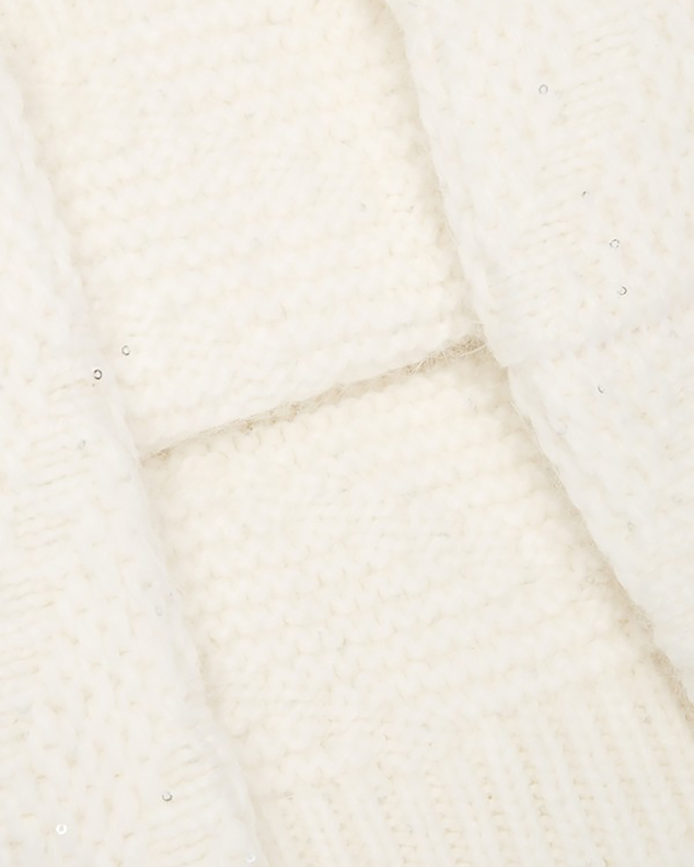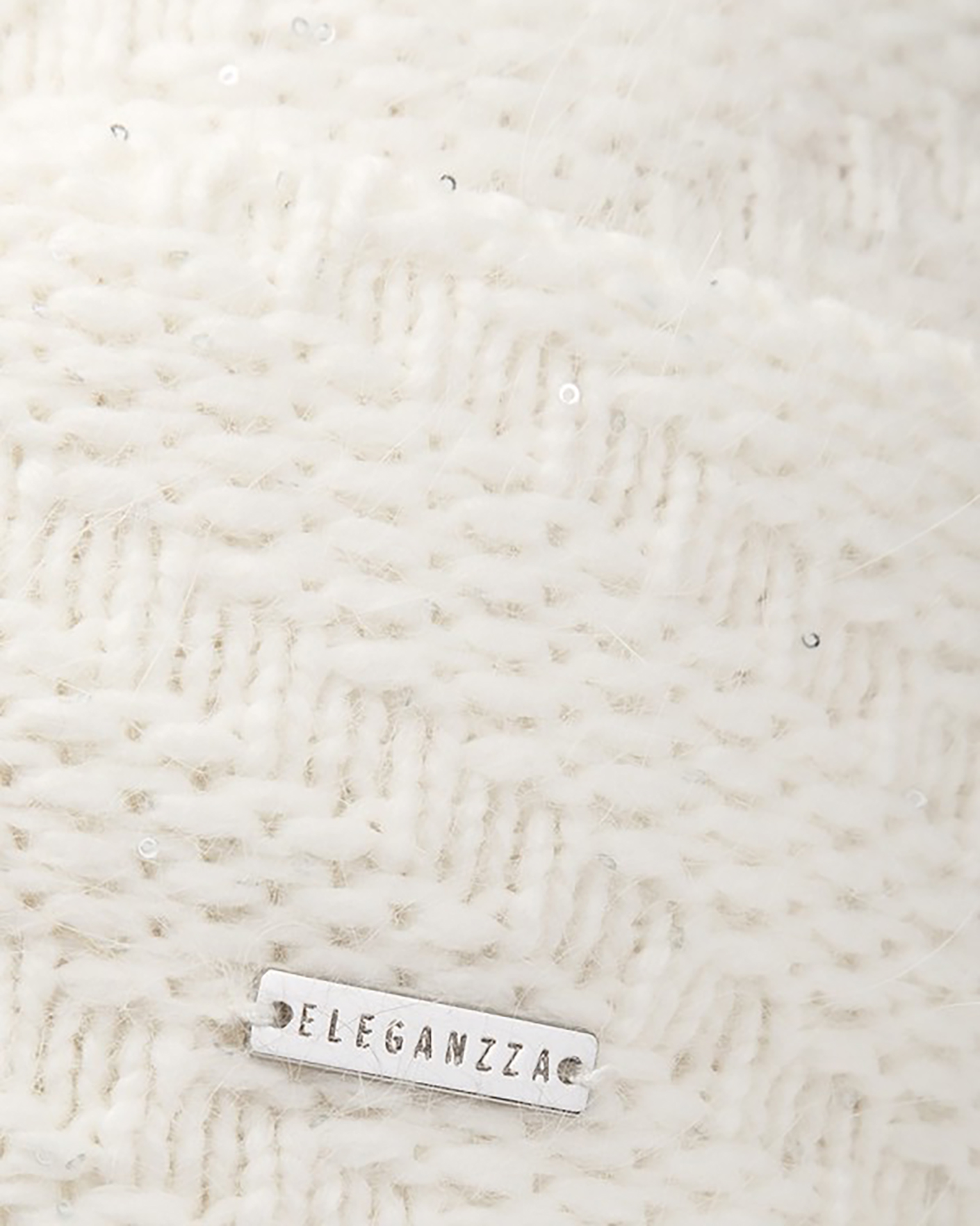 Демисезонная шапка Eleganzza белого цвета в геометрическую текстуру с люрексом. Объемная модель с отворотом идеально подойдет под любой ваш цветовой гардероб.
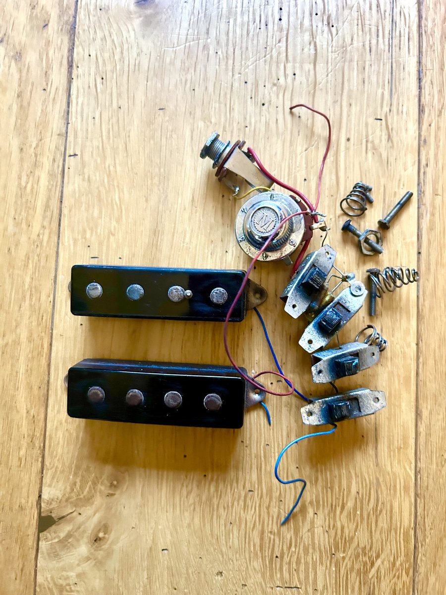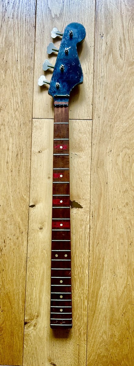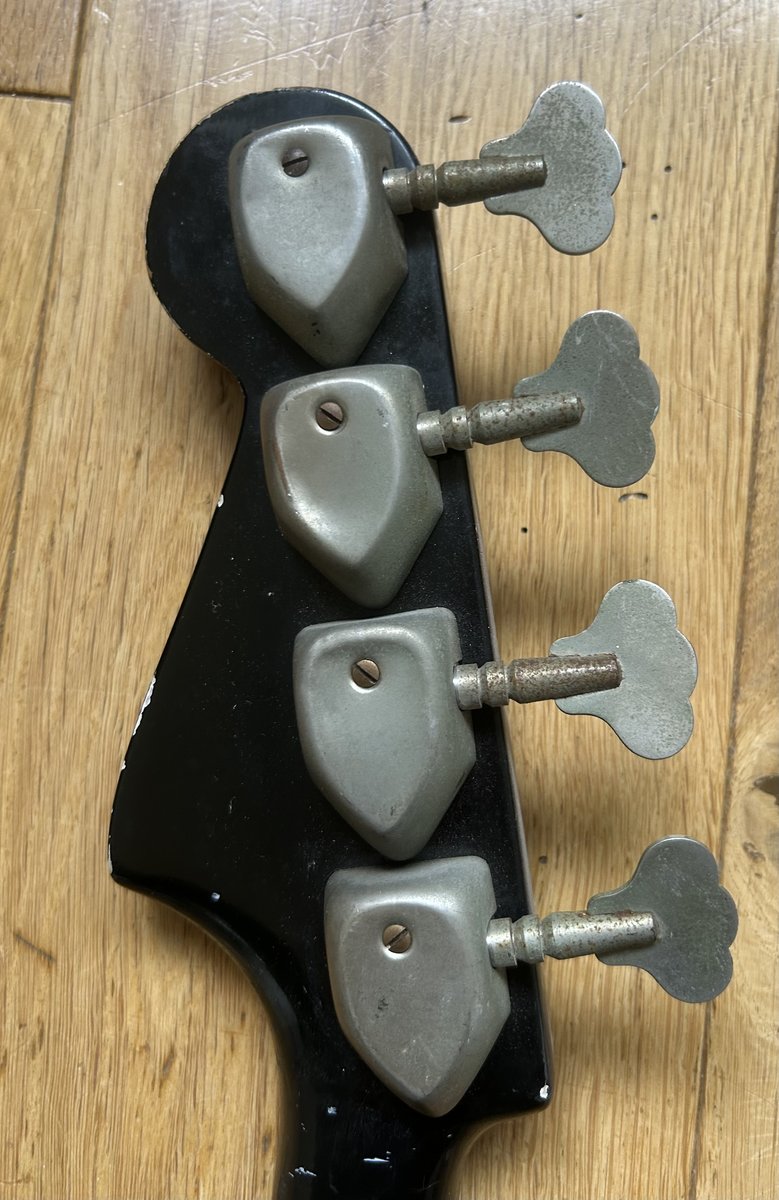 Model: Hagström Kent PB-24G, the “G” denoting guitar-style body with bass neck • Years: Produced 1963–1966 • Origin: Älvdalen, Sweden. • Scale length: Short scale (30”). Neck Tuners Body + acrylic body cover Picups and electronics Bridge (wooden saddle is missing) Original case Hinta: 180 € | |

---

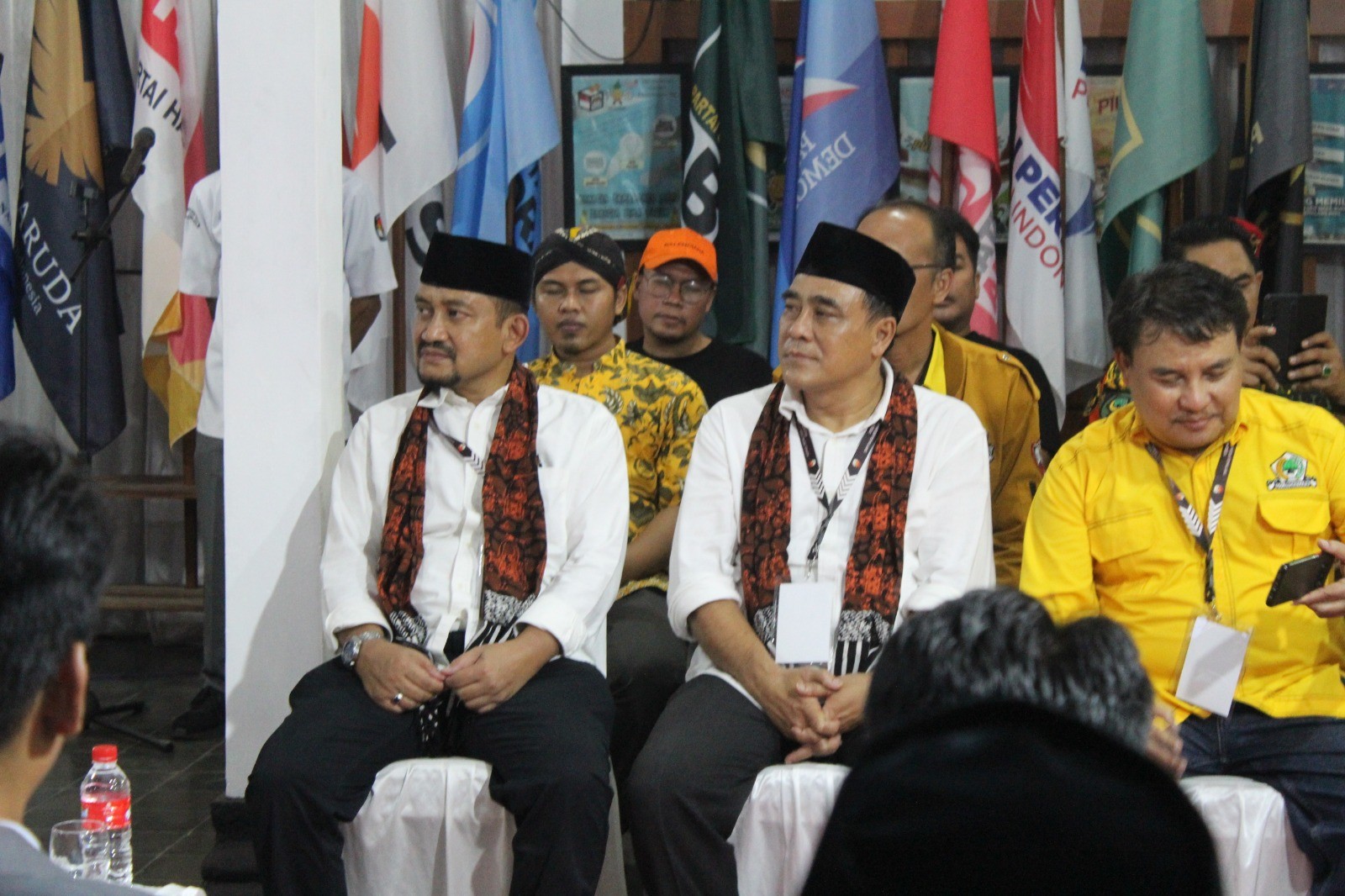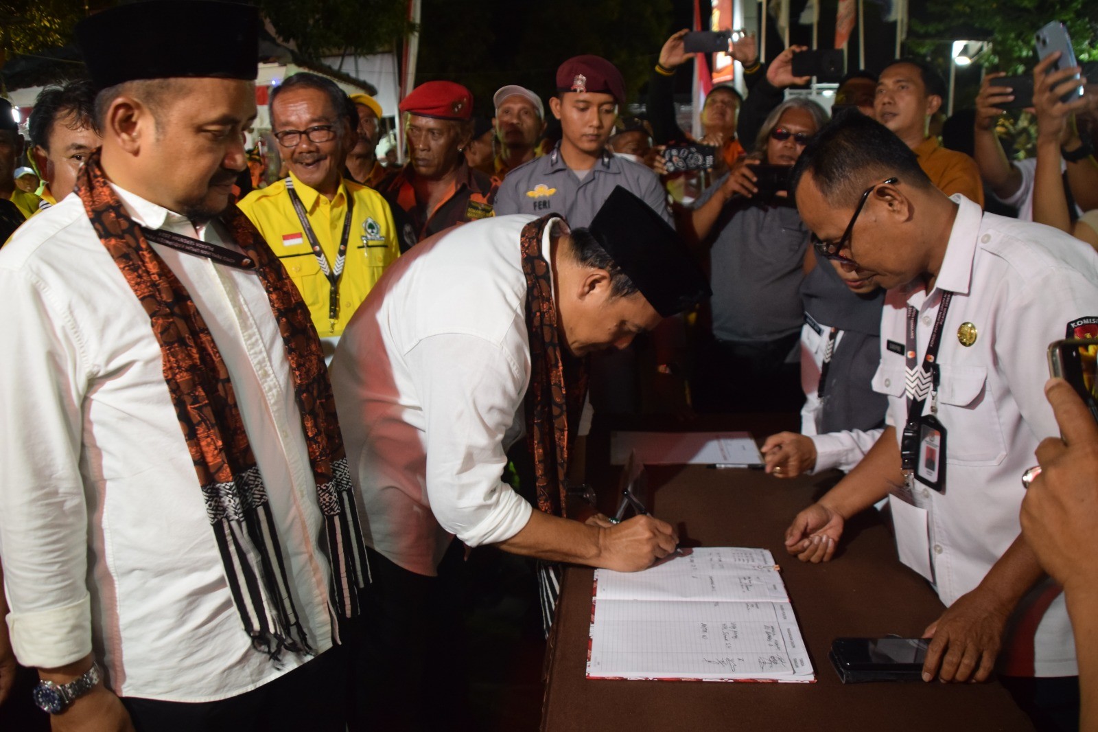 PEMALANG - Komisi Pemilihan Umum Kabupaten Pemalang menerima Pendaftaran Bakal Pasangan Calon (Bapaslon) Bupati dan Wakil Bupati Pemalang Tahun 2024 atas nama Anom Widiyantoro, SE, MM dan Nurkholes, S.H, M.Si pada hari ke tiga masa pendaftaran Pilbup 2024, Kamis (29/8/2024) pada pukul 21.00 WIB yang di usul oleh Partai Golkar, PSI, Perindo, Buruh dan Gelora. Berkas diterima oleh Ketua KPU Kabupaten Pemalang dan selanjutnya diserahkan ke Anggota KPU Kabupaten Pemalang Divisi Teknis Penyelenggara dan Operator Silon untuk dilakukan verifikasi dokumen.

▶ _What this task involves_
From the line holding "Демисезонная шапка Eleganzza" to the line holding "Model: Hagström Kent", both included, retype the entries above exactly and drop the pictures.

▶ _Answer to this problem_
 Демисезонная шапка Eleganzza белого цвета в геометрическую текстуру с люрексом. Объемная модель с отворотом идеально подойдет под любой ваш цветовой гардероб.
 Model: Hagström Kent PB-24G, the “G” denoting guitar-style body with bass neck • Years: Produced 1963–1966 • Origin: Älvdalen, Sweden. • Scale length: Short scale (30”). Neck Tuners Body + acrylic body cover Picups and electronics Bridge (wooden saddle is missing) Original case Hinta: 180 € | |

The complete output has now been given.